Inglewood, Inglewood, always up to much good

Defying the advice of a knowledgeable taxi driver and a rapper who once declared that Inglewood is always up to no good, I stayed in Inglewood my last few nights in Los Angeles.

Turns out, Inglewood was up to much good. Providing me with a cheap motel qualifies as very good. And, I got to rub shoulders with lots of interesting people.

If you're ever looking for a great time, take the 117 bus east through Inglewood. Then, transfer on Central heading toward downtown.

You might not find this bus route touted on any Los Angeles travel brochures, but you'll enjoy the pleasant drive and it only costs a total of $2.50. You can't beat that.

I made room for an elderly woman to sit next to me on one bus trip, because that's what kind young men do on the bus. She didn't speak English (at least she didn't speak it to me), but she often put her Big Lots sale brochure from the newspaper in front of me, pointing out excellent products she apparently felt I needed to know about.

One was a lock-box of some sort. It looked like a box you would store important papers or documents in. The other was a very inexpensive package of t-shirts.

She would put the paper nearly in my lap, point at the product and say something to me I couldn't understand. I would just smile at her and those seated around us say something like, "That's an excellent price for that," or "I've gotta get over there and get me one of those."

I also met this really cool guy at the bus stop on West Century Avenue one day. We got to talking about Los Angeles. He told how after he got out of prison he knew he couldn't go back to San Diego, because he was getting in too much trouble there, so Los Angeles seemed like a great place to start over, since that's where he was born.

He'd found a good job there in L.A., and things were going well for him.

I told him I was from Texas, and he said he liked Texas okay but shared how "Chicanos from California don't really get along with Chicanos from Texas."

I wanted to ask him how Chicanos from California felt about Caucasians from Texas, but the conversation was going so well I didn't really want to go there.

When he told me about the tension between Chicanos in different parts of the country, I asked him, "Can't we all just get along?" He apparently thought that was pretty funny, letting out a little chuckle.

I was thinking, "Why wouldn't the Chicanos from California and Chicanos from Texas get along?" They should unite. That's a lot of Chicanos. Politically they could pretty much do whatever they wanted to do if they put away their differences and banded together.

I took the bus through Inglewood, then transferred and went over to to Hollywood Boulevard also. I bought a t-shirt that says "Los Angeles, California" on it, which I wore proudly on my Greyhound trip back to Texas.

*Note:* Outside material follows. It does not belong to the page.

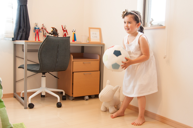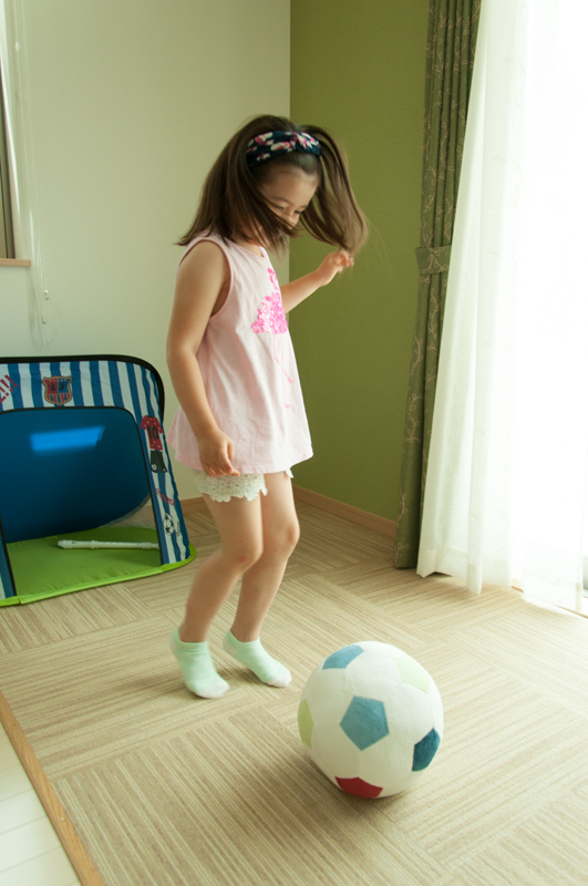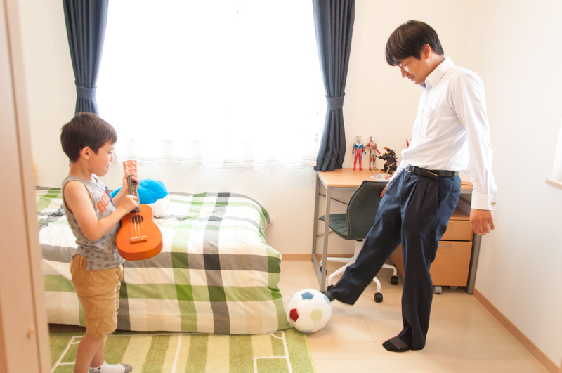 パパが仕事から帰ってきたら子ども部屋で一緒にサッカーの練習!

Hollywood Boulevard is a place everyone needs to see at least once in their lifetime. I like to go there every time I'm in Los Angeles. There are lots of tourists there. A nice lady asked me twice on the street if I'd like to take a tour of Hollywood that included movie stars homes, but that seemed a bit strange to me so I turned her down. Frankly, I'd be embarrassed to admit I'd taken part in something like that even if I had. Can you imagine someone paying money to drive out in front of your house and gawk at it?

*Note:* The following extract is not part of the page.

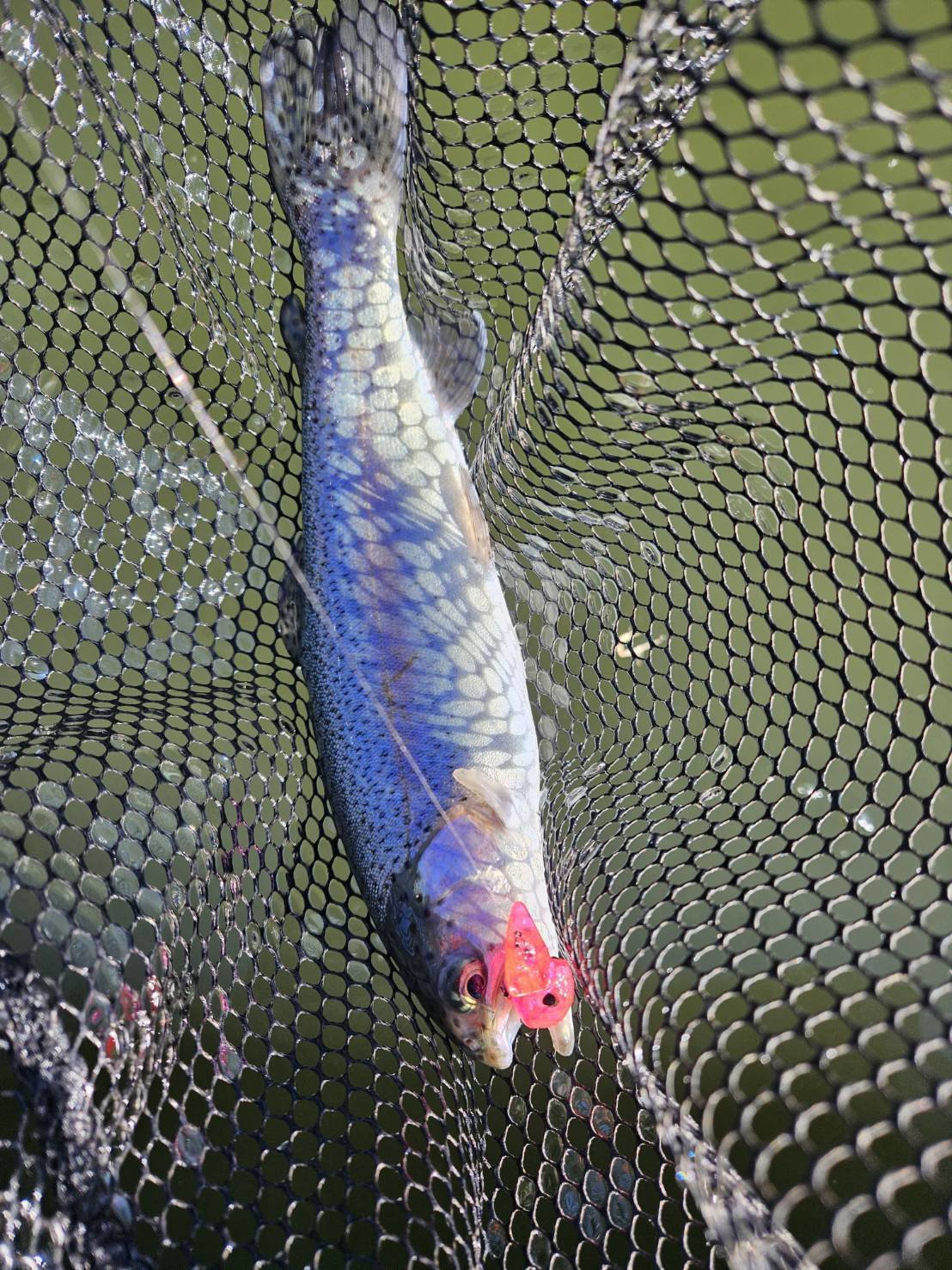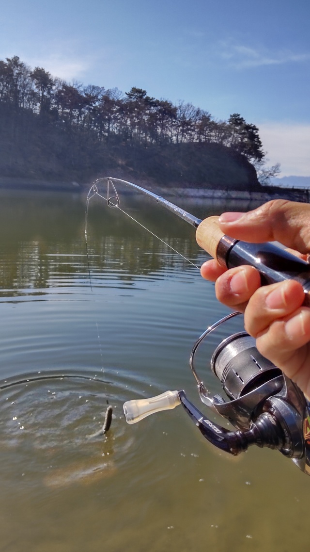 水車側にて釣りをスタートするとベリーズ1.3gで小振りですが2本立て続けにヒット。ピックアップ寸前ぐらいで食ってきました。しかしこの後はアタリはあれど乗らない・・・せっかく掛けてもバラシてしまう悶絶タイムにしばらく突入。

I really wanted to talk to this guy. A man stood at the corner of Hollywood and Highland with a huge sign that read, "Believe Jesus. Be ready." I was working my way over to talk with him and let him know I did believe Jesus and I was already ready, when the return bus came down Hollywood so I never got a chance to speak with him.

The economy is doing pretty well in Hollywood. The line for the Beverly Hills Chihuahua was practically out onto Hollywood Blvd. To people in the movie business, cutting back means switching from a latte to drip coffee, probably. Yeah, I read David Carr's article in the New York Times about L.A. following its own script...that was pretty well-written. David, you think flying out of Newark is interesting? Take the Greyhound. Trust me on this one.

I enjoy L.A. and never like to leave once I'm there. It's rather strange, actually, because only a few years ago, I never would have considered L.A. as a possible place to settle down someday. But for whatever reason, my attitudes toward the city have changed. I find it exciting, exhilarating.

In just a couple of years, I've encountered a complete turnaround in my mind.

Is that the Lord? The Word teaches that if we delight ourselves in the Lord, he will give us the desires of our heart. One of the things I find myself praying often lately is "Lord, please make your desires for my life my desires." In other words, I want to always make sure the things that feel exciting to me, or the things that are motivating me, are desires put there by him.

In the end, I want what he wants for me. I know there's no other way to feel truly fulfilled. If L.A. isn't the eventual place, I pray he changes what I currently feel inside of me.

But I hope he doesn't.

I arrived back in Houston early yesterday morning and thought you might like to hear about some of the highlights of another wonderful visit out west.